Rosalynn Carter, the president's wife, took Madame Cho Lin, wife of the visiting vice premier of China, to see the pandas at the zoo yesterday.

The day was dismal gray, a few flakes of snow falling, and all along the outside pen of the Giant Pandas (the size of black bears, after all) were erected low wooded platforms on which a great line of cameramen stood, each by his tripod.

One had the glum impression 86 rabbits were going to be executed and God have mercy on their souls, for those operating the cameras had heads in armor and jaws set for grim tasks.

The wind rose. No need now to visit Siberia ever. A whining moan was heard. Some said it was the elephant.

Before 3:15 p.m., the appointed time, a ragged procession came over the horizon. A man in a windbreaker, some women in black wool, the president's wife hatless and a bit pinched looking from the cold, draped in a grayish-brownish outer garment that caught all the spirit of January.

Cho, her face composed, marched with the rest to the site. Other Chinese in the party, in gray, followed along. One American in brilliant black, a noticeable well-cut suit -- really well turned out -- contrasted with everybody else. Some said he was from the State Department. He looked brisk and competent and stood out from all. He wore no top coat, and all admired his appearance. It is believed he suffered terribly.

And then the hour was at hand.

All faced the low cheerless house. A door opened.

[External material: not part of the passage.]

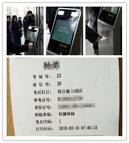 考生站在核验设备面前,在二代证读卡器区域刷身份证,设备在读取考生身份证信息的同时,摄像头会现场抓取考生的面部特征,再与身份证件照片的面部特征进行逐一分析比对,两者相符则显示“验证通过”。考试中心提前将全部信息录入设备,考生入场时,可随意使用任何一台识别仪进行身份核对,并打印入场凭条。凭条显示有考生姓名、考场号、座位号、准考证号、身份证号等全部信息的入场凭条,考生凭入场凭条进入考场。从考生站到核验设备前到考生拿到入场凭条,整个过程用时仅8秒钟。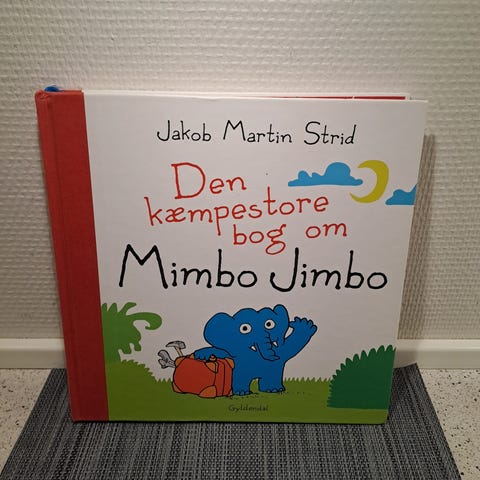 En lille kassette med fire Mimbo Jimbo papbøger for de mindste med hver sin lille historie om den lille blå elefant:

Out came the panda. Shining Star is his name. (In Chinese, he is known as Hsing-Hsing.)

He waddled on all fours down a grassy knoll to 14 bamboo stalks, which had been set in the grass as if growing there.

The wind rose.

As he waddled down to the greenery, in the presence of Sino-American state witnesses, the cameras began to grind. A television announcer could be heard crooning into his machinery the sort of thing one expects of the national box.

And then Shining Star sat down on his rump, seized the first bamboo stalk (10 feet high) and pulled it out of the ground like Arthur with Excalibur. A murmur of admiration was heard. One believed there was hope for the world.

Not everyone can shuck the outer sheath of a phyllostachys or semiarundinaria (there are 30 different hardy bamboos suitable for pandas).

But with the finesse born of immemorial centuries in the austere oriental recesses of Szechuan, the panda peeled the phyllostachys, broke it into neat plumes of salad and (for royalty knows no restraints) began to chomp with his especially fine molars without even casting a glance at the variegated commoners peering at him. Amy, the president's daughter, was among those admiring a real pro at work.

Unlike them, he was done up in fur white as lilies, climaxed here and there with jetty fuzzy ears and patches about the eyes.

The wind rose.But what had been a grim scene began to lighten. Reporters investigated to see if the sun had broken through. (It had not.)

The women and their attendants smiled.

People who had said, "This is the dumbest exercise yet," began to think better of Fate.

Shining Star finished one culm and heaved the next one out of the ground.

The Lesser Pandas in the next lot peered down from the branches where they had been frolicking about trying to look like leopards (they have rufous fur) much as Billy Carter might play Rasputin in the Plains Little Theater.

"By God," said a female press person, "by God," and a certain softness touched her voice.

The elephants and giraffes looked over -- they sensed something notable was going on.

Shining Star was on his third bamboo.

He and his mate (no progeny yet) were gifts of the People's Republic in 1972.

Former president Richard Nixon was conspicuously absent from yesterday's ceremonial viewing of the pandas. Some felt that no matter what one wished to say of Nixon in some areas of leadership, he played a great role in acquiring these pandas and should have been present.

After 10 minutes or so, the official party straggled back toward the horizon into 12 cars, and took off like rockets for the next great event, such as, perhaps, a hamburger in a warm room.

Meanwhile, Shining Star was all deserted.The tripods and photographers packed up and left. Shining Star was on his fifth bamboo.

The wind rose. The great ones come and go. But supper is supper and Shining Star was putting first things first.